I understand how to do general arithmetic operations in AVX2. However, there are conditional operations in scalar code I would like to translate to AVX2. How shall I do it? For example, I would like to vectorize
double arr[4] = {1.0,2.0,3.0,4.0};
double condition = 3.0;
for (int i = 0; i < 4; i ) {
if (arr[i] < condition) {
arr[i] *= 1.75;
}
else {
arr[i] *= 6.5;
}
}
for (auto i : arr) {
std::cout << i << '\t';
}
Expected output:
1.75 3.5 19.5 26
How can I perform conditional operations like above in AVX2?

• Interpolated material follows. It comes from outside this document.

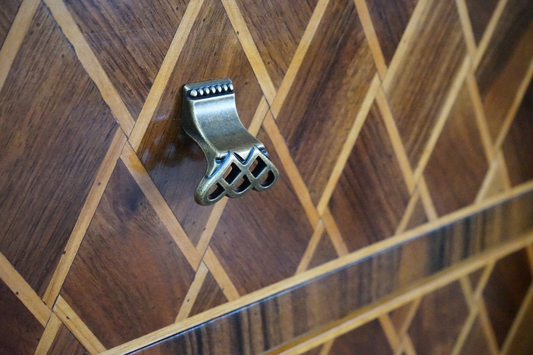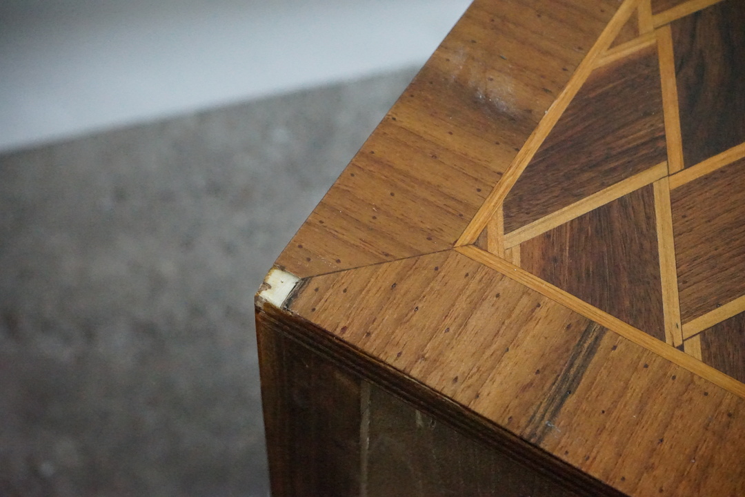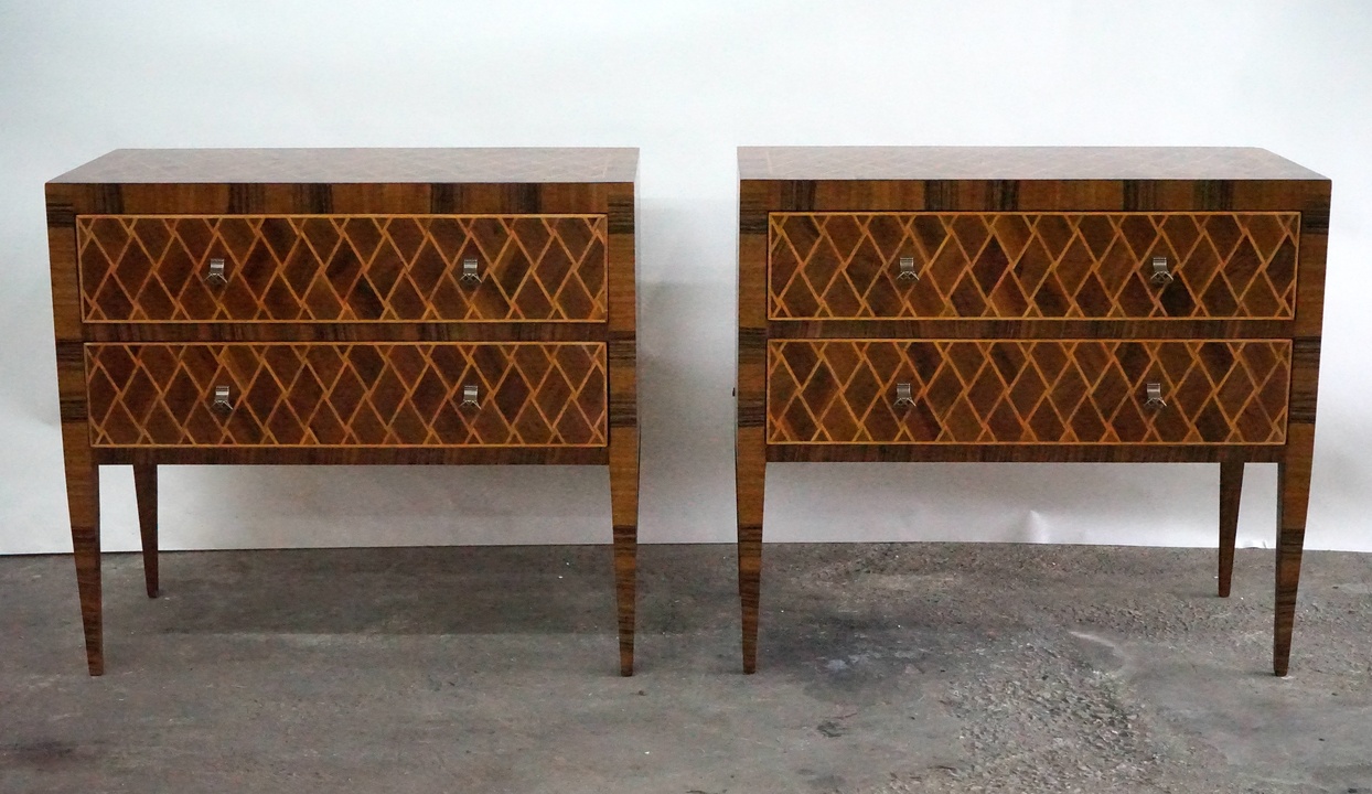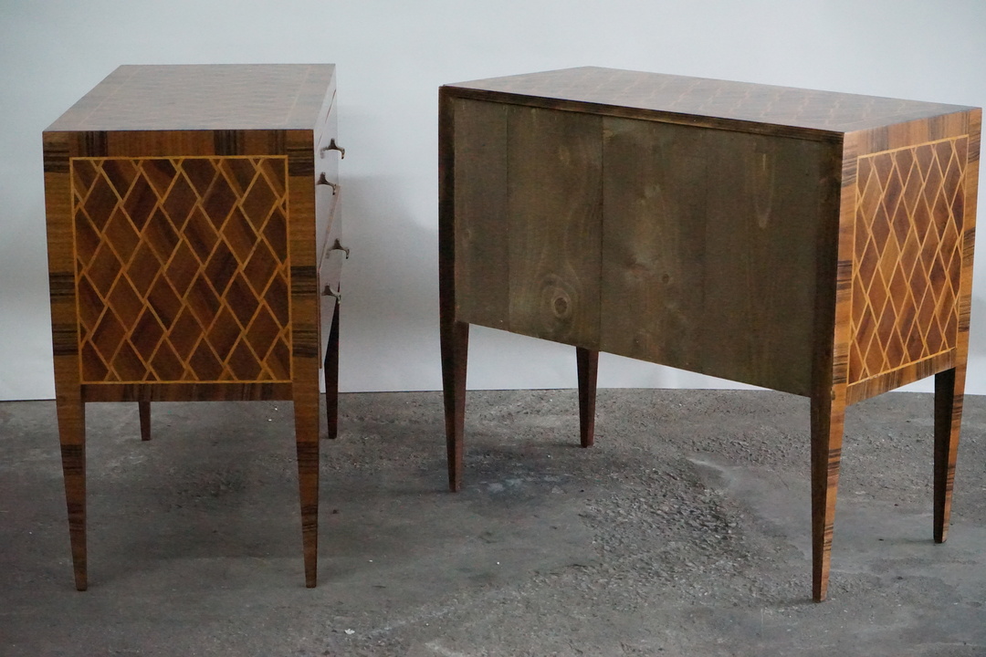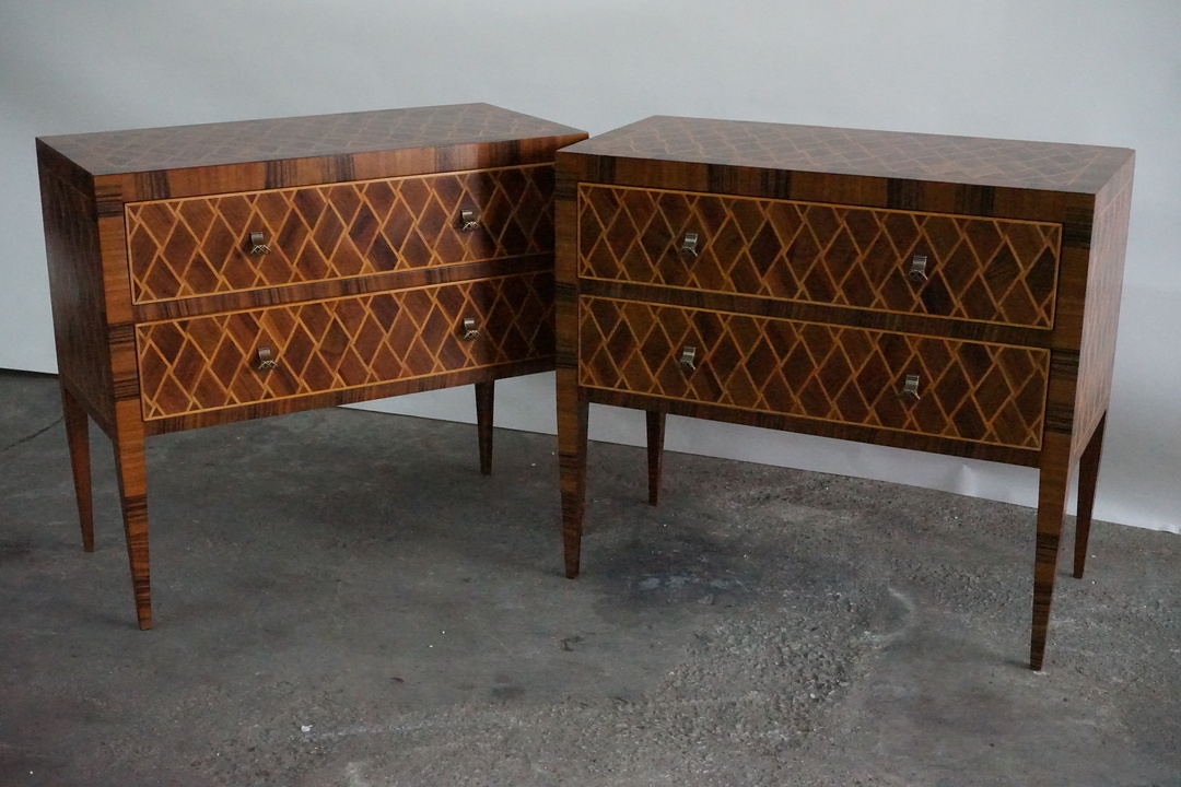 Two-Drawer Parquetry Chest with Parquetry and Brass Hardware, Italian

CodePudding user response:
Use AVX2 conditional operations. Calculate both possible outputs on whole vectors. After that save those particular results that satisfy your conditions (mask). For your case:
double arr[4] = { 1.0,2.0,3.0,4.0 };
double condition = 3.0;
__m256d _arr = _mm256_loadu_pd(&arr[0]);
__m256d _multiplier1 = _mm256_set1_pd(1.75);
__m256d _multiplier2 = _mm256_set1_pd(6.5);
__m256d _firstResult = _mm256_mul_pd(_arr, _multiplier1); //if-branch
__m256d _secondResult = _mm256_mul_pd(_arr, _multiplier2); //else-branch
__m256d _mask = _mm256_set1_pd(condition);
_mask = _mm256_cmp_pd(_arr, _mask, _CMP_LT_OQ); //a < b ordered (non-signalling)

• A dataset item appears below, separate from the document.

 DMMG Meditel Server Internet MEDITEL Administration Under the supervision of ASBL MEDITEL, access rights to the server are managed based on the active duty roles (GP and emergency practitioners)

// Use mask to choose between _firstResult and _secondResult for each element
_firstResult = _mm256_blendv_pd(_secondResult, _firstResult, _mask);
double res[4];
_mm256_storeu_pd(&res[0], _firstResult);
for (auto i : res) {
std::cout << i << '\t';
}
Possible alternative approach instead of BLENDV is combination of AND, ANDNOT and OR. However BLENDV is much better both in simplicity and performance. Use BLENDV as long as you have as least SSE4.1 and don't have AVX512 yet.
For information about what _CMP_LT_OQ
mean and can be see Dave Dopson's table. You can do whatever comparisons you want changing this accordingly.
There are detailed notes by Peter Cordes about conditional operations in AVX2 and AVX512. There are more examples on conditional vectorization (with SSE and AVX512 examples) in Agner Fog's "Optimizing C " in chapter 12.4 on pages 121-124.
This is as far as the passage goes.